Además, Cangas de Onís, como identidad social y territorial, ni puede ni debe ser un reducto constreñido al perímetro urbano, sino que ha de asumir el más amplio concepto del territorio Kangas que se menciona en nuestra Edad Media y que engloba otros lugares de esta comarca de los Picos de Europa, cuyos habitantes protagonizaron los hechos históricos que hace un siglo motivaron la concesión de los honores que hoy celebramos.
Estos timbres históricos que hemos heredado, me animan a hacer un llamamiento a los vecinos, habituales, dominicales, veraniegos o esporádicos, para que, con su comportamiento respetuoso con las normas de convivencia pública, hagan de Cangas de Onís, una excelente ciudad.
* * *
Artículo publicado en Diego Somoano, Celso, Cangas de Onís, señas de identidad, Cangas de Onís, Ayuntamiento de Cangas de Onís, 2015, pp. 279-289. Edición de Carlos Tejo Pérez y Francisco José Pantín Fernández.
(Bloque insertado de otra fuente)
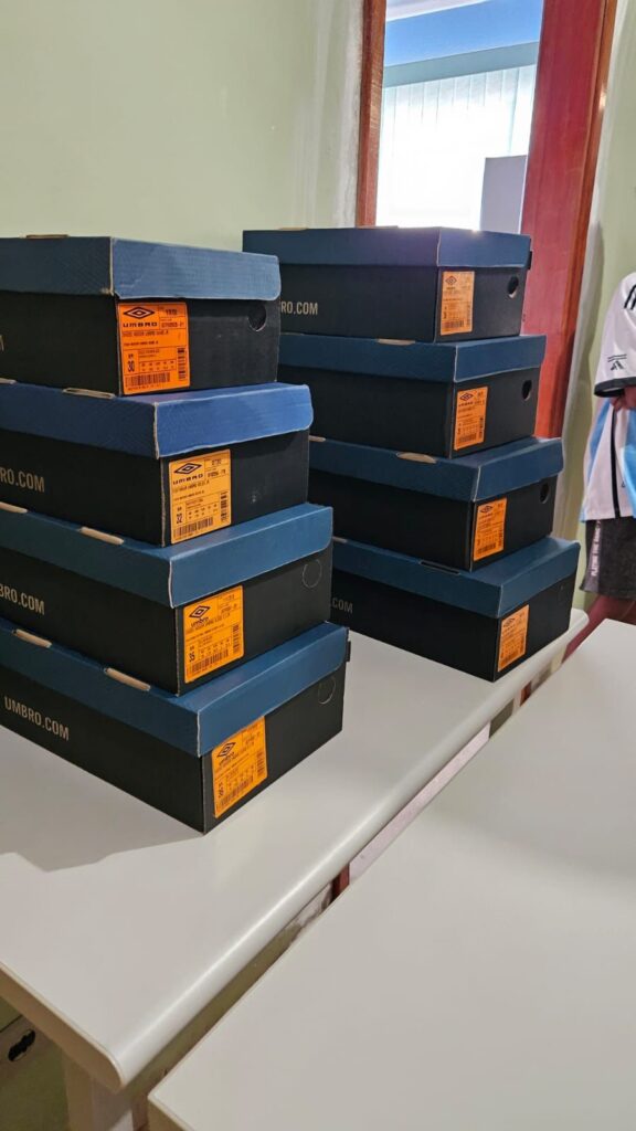 A gestão do Prefeito Mário Rosa demonstra comprometimento com o desenvolvimento integral da juventude ao proporcionar chuteiras para os participantes da atividade esportiva, garantindo que possam treinar de forma adequada e equitativa.
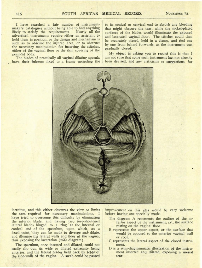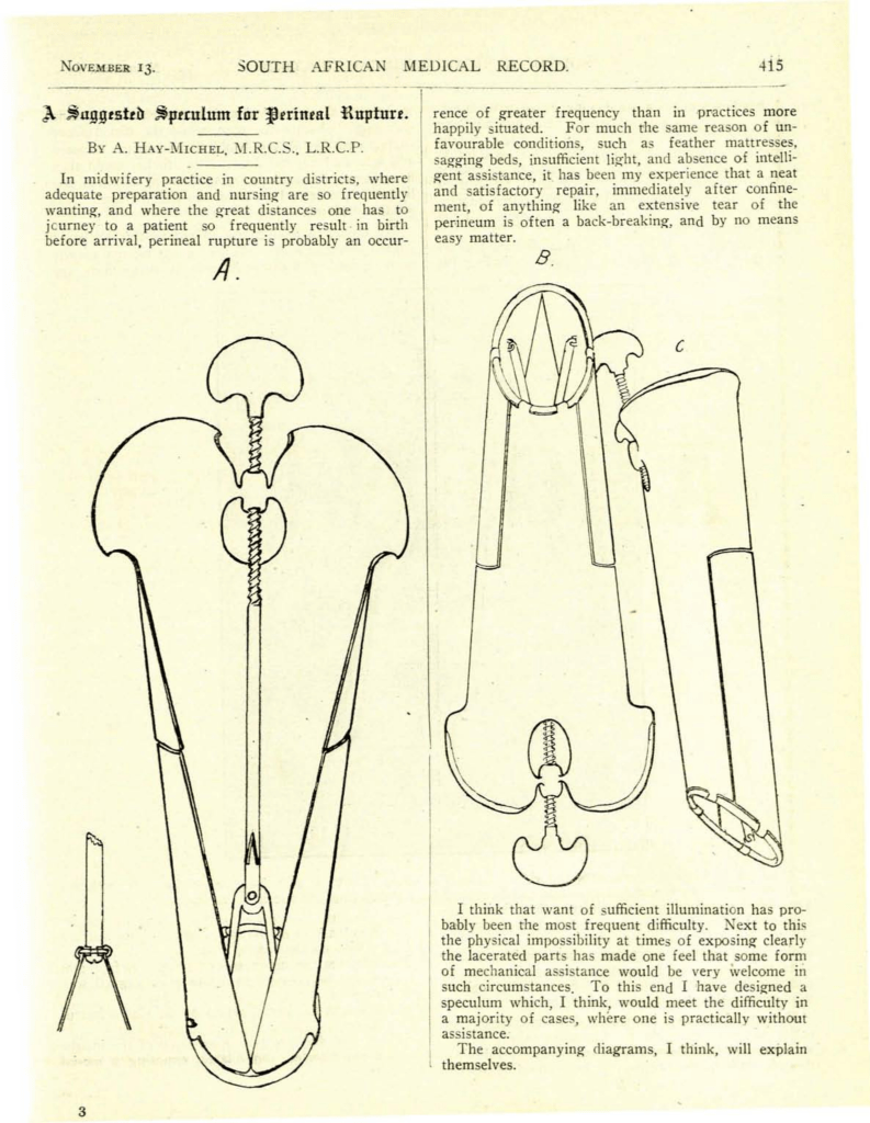 I researched the usage of speculums in childbirth and came up with little. I did find an old publication in the The South African Medical Record entitled “A suggested speculum for perineal rupture” by A. Hay Michel, M.R.C.S., LRCP (Nov. 13th, 1920). A comparison to J. Marion Sims (the white male obstetrician who invented the speculum through abusive procedures on enslaved women experiencing fistulas) is warranted, but I first see other connections.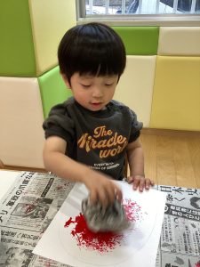 新聞紙でぽんぽんと色付けが上手です🎶
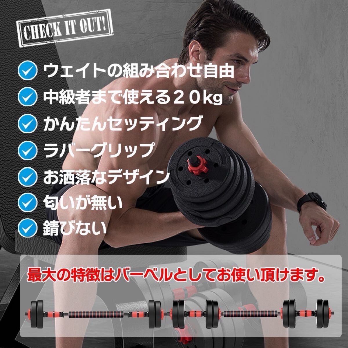 《仕様・機能》ダンベル バーベル 20kg 2個セット 可変式 バーベル可変 可変スピンロック式 プレート セット 重さ調整可能

[1] Conferencia pronunciada por Celso Diego Somoano en el Aula del Reino de Asturias el día 7 de septiembre de 2007, con motivo de la celebración del centenario de la concesión del título de ciudad a Cangas de Onís y el tratamiento de excelencia a su ayuntamiento.
[2] Gaceta de Madrid, Madrid, año CCXLVI, núm. 176, martes 25 de junio de 1907, tomo II, p. 1.175.
[3] El Auseva, Cangas de Onís, año XVII, núm. 850, 13 de julio de 1907, p. 1.
[4] El Auseva, Cangas de Onís, año XVII, núm. 848, 28 de junio de 1907, p. 2.
[5] García, Alfredo, Adeflor, “El queso y la historia”, en El Noroeste, Gijón, año XI, núm. 3.717, 28 de junio de 1907, p. 1.
[6] El Auseva, Cangas de Onís, año XVII, núm. 849, 6 de julio de 1907, pp. 2-3.
[7] Hay que tener presente que El Auseva, ideológicamente, es adversario político de don José González Sánchez.